- Activity
In your copy of the listing below, reproduce each word exactly and include no pictures.

- Raw data
- Opening Delimiter -
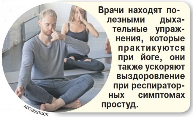 Кроме того, врачи находят полезными дыхательные упражнения, которые практикуются при йоге, они также ускоряют выздоровление при респираторных симптомах простуд.
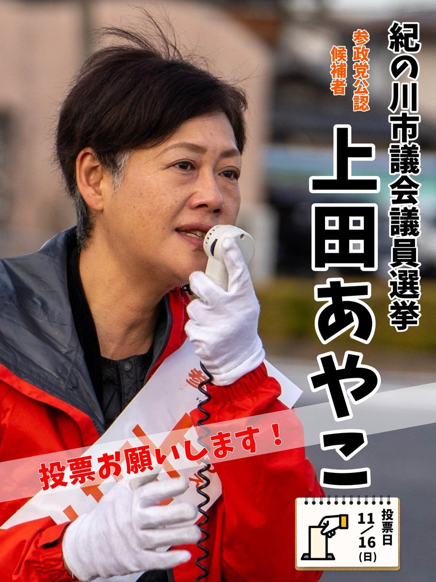 紀ノ川市議会議員選挙 🔶上田あやこ候補🔶を絶対 市政に送り込むぞぉー❣️ 明日11月16日(日)投票日🗳️ ⚠️応援は本日23:59まで⚠️ #紀ノ川市議会議員選挙 #紀ノ川市 x.com/ueda__ayako/st…
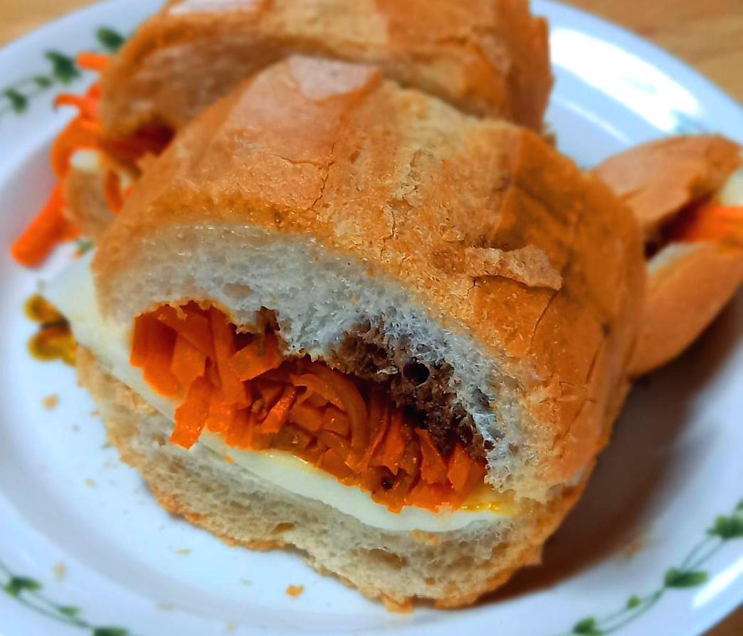 집으로 돌아오니 11시 반이다. 점심은 바게트가 주인공인 내 맘대로 샌드위치다. 냉장고 문을 열어보니 당근이 들어온다. 당근을 채 썰어 살짝 올리브유에 볶았다. 갓 구워낸 바게트 사이에 이것을 넣고 치즈를 올리고, 발사믹 소스를 살짝 뿌려주었다. 얼른 한입 베어 물었다. 입에서 나도 모르게 미소가 나온다. 고민하던 샌드위치는 성공이었다. 당근의 아삭 거림과 치즈의 고소함, 가장 훌륭한 건 바게트의 살아있는 겉은 바삭하고 속은 촉촉한 식감이었다.
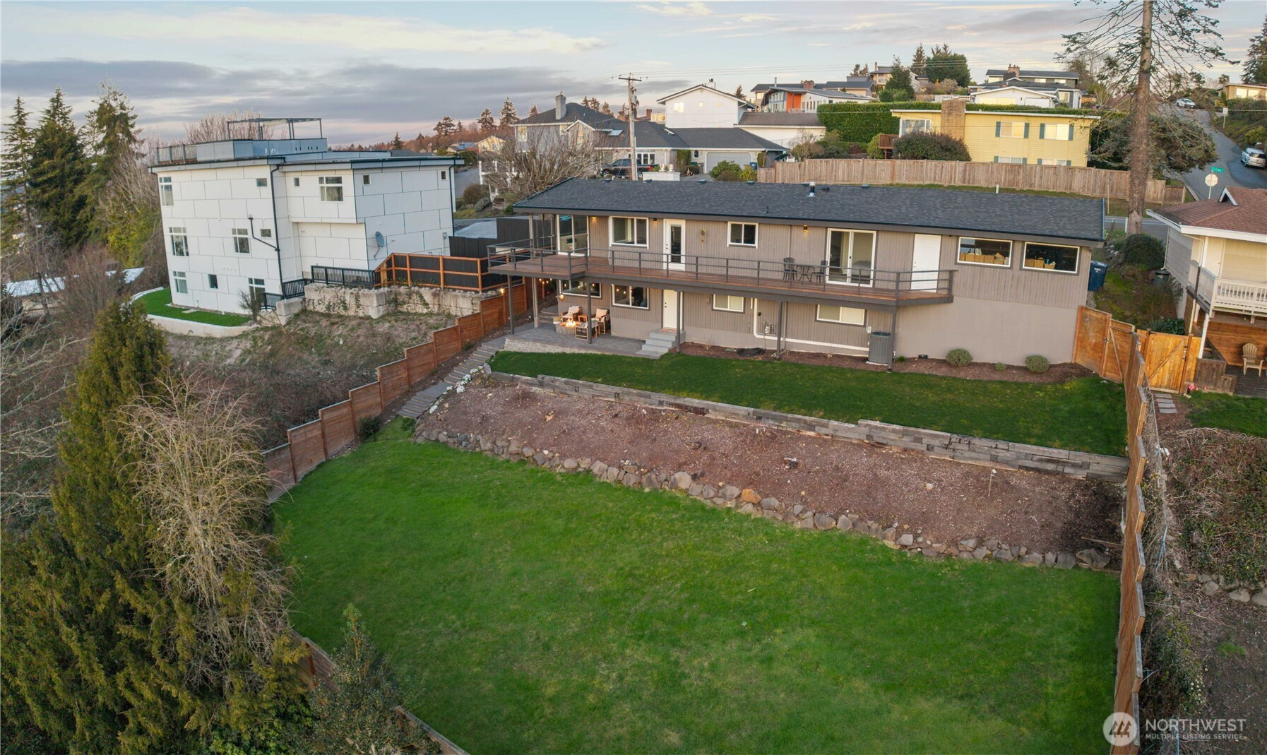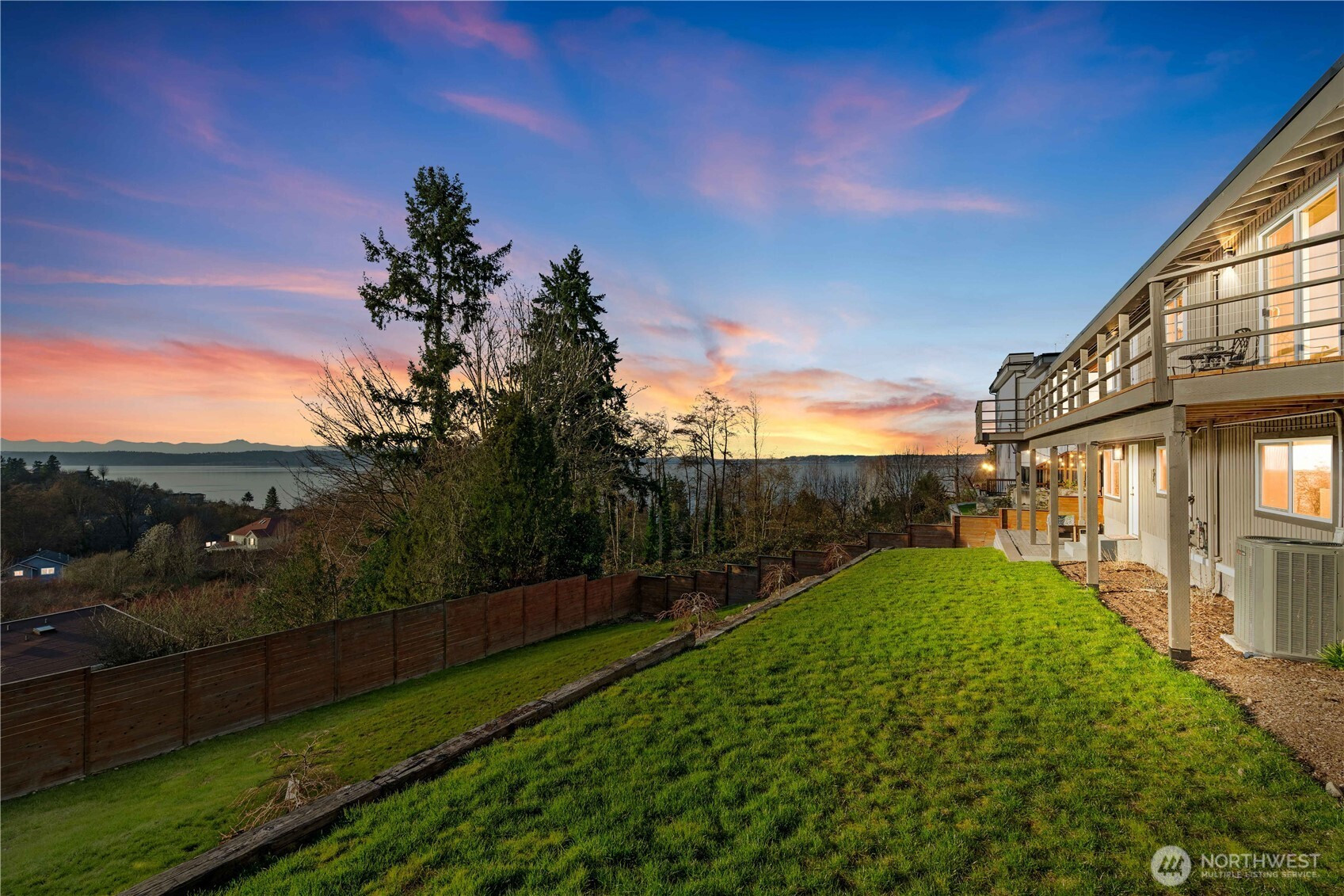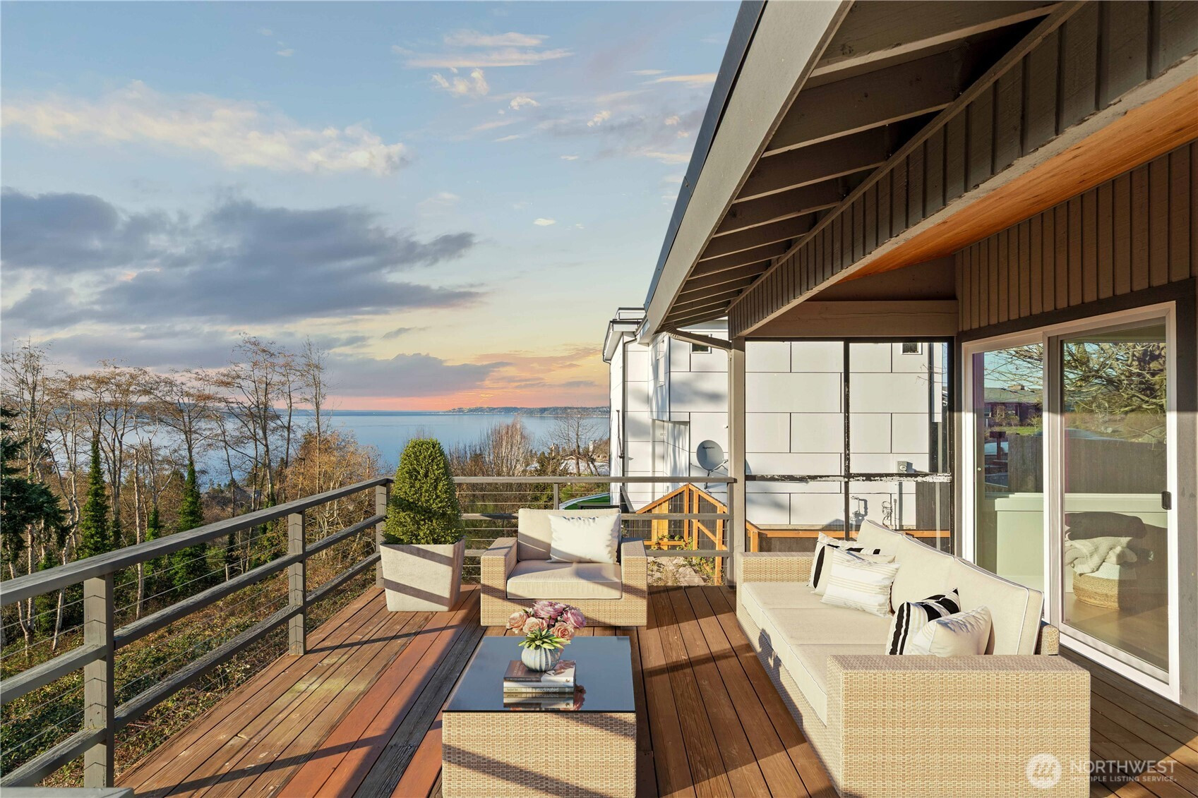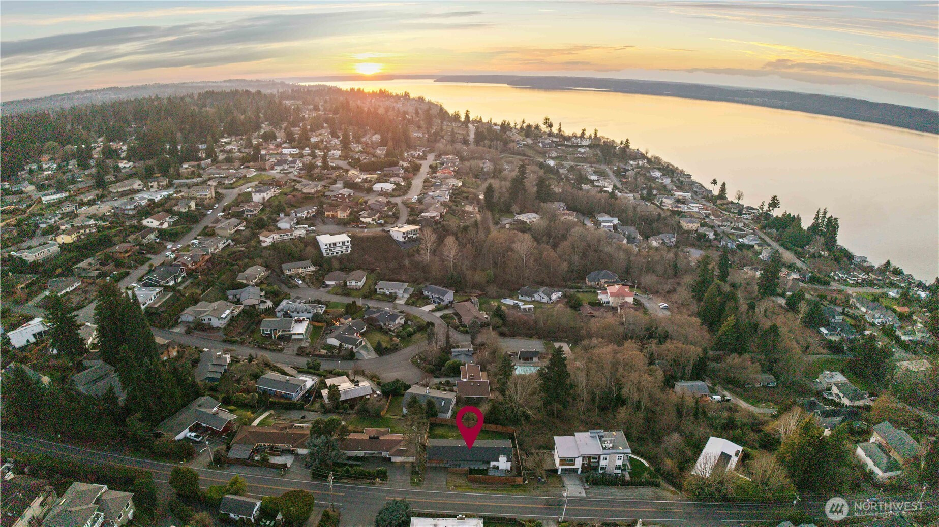 Welcome to this exceptional contemporary Mid-Century Modern home showcasing panoramic Puget Sound views and breathtaking Pacific Northwest sunsets. Clean architectural lines, expansive windows, and refined curb appeal define this luxury coastal retreat. Inside, light-filled living spaces create seamless indoor-outdoor flow ideal for modern living and entertaining. The chef’s kitchen features quartz countertops, custom cabinetry, designer tile backsplash, and an oversized island with abundant storage, blending function and sophistication. The adjacent dining area offers a built-in buffet, creating an elegant setting for intimate gatherings and holiday celebrations. The main-level primary suite is a private sanctuary with a spa-inspired bath, soaking tub, walk-in shower, and dual vanities. New gas fireplace inserts add warmth and ambiance throughout the home. The lower level offers a second primary suite with walk-in closet and an updated bath with designer tile and dual sinks, along with a spacious great room and convenient kitchenette perfect for guests, multi-generational living, or a media lounge. The fully remodeled backyard features a paver patio, custom gas fireplace, new lighting, and fresh landscaping. Layered outdoor living spaces capture stunning Sound views. Just minutes to Redondo Beach and the boardwalk, this is Pacific Northwest luxury living at its finest.
- Closing Delimiter -
- Solution below
 Кроме того, врачи находят полезными дыхательные упражнения, которые практикуются при йоге, они также ускоряют выздоровление при респираторных симптомах простуд.
 紀ノ川市議会議員選挙 🔶上田あやこ候補🔶を絶対 市政に送り込むぞぉー❣️ 明日11月16日(日)投票日🗳️ ⚠️応援は本日23:59まで⚠️ #紀ノ川市議会議員選挙 #紀ノ川市 x.com/ueda__ayako/st…
 집으로 돌아오니 11시 반이다. 점심은 바게트가 주인공인 내 맘대로 샌드위치다. 냉장고 문을 열어보니 당근이 들어온다. 당근을 채 썰어 살짝 올리브유에 볶았다. 갓 구워낸 바게트 사이에 이것을 넣고 치즈를 올리고, 발사믹 소스를 살짝 뿌려주었다. 얼른 한입 베어 물었다. 입에서 나도 모르게 미소가 나온다. 고민하던 샌드위치는 성공이었다. 당근의 아삭 거림과 치즈의 고소함, 가장 훌륭한 건 바게트의 살아있는 겉은 바삭하고 속은 촉촉한 식감이었다.
 Welcome to this exceptional contemporary Mid-Century Modern home showcasing panoramic Puget Sound views and breathtaking Pacific Northwest sunsets. Clean architectural lines, expansive windows, and refined curb appeal define this luxury coastal retreat. Inside, light-filled living spaces create seamless indoor-outdoor flow ideal for modern living and entertaining. The chef’s kitchen features quartz countertops, custom cabinetry, designer tile backsplash, and an oversized island with abundant storage, blending function and sophistication. The adjacent dining area offers a built-in buffet, creating an elegant setting for intimate gatherings and holiday celebrations. The main-level primary suite is a private sanctuary with a spa-inspired bath, soaking tub, walk-in shower, and dual vanities. New gas fireplace inserts add warmth and ambiance throughout the home. The lower level offers a second primary suite with walk-in closet and an updated bath with designer tile and dual sinks, along with a spacious great room and convenient kitchenette perfect for guests, multi-generational living, or a media lounge. The fully remodeled backyard features a paver patio, custom gas fireplace, new lighting, and fresh landscaping. Layered outdoor living spaces capture stunning Sound views. Just minutes to Redondo Beach and the boardwalk, this is Pacific Northwest luxury living at its finest.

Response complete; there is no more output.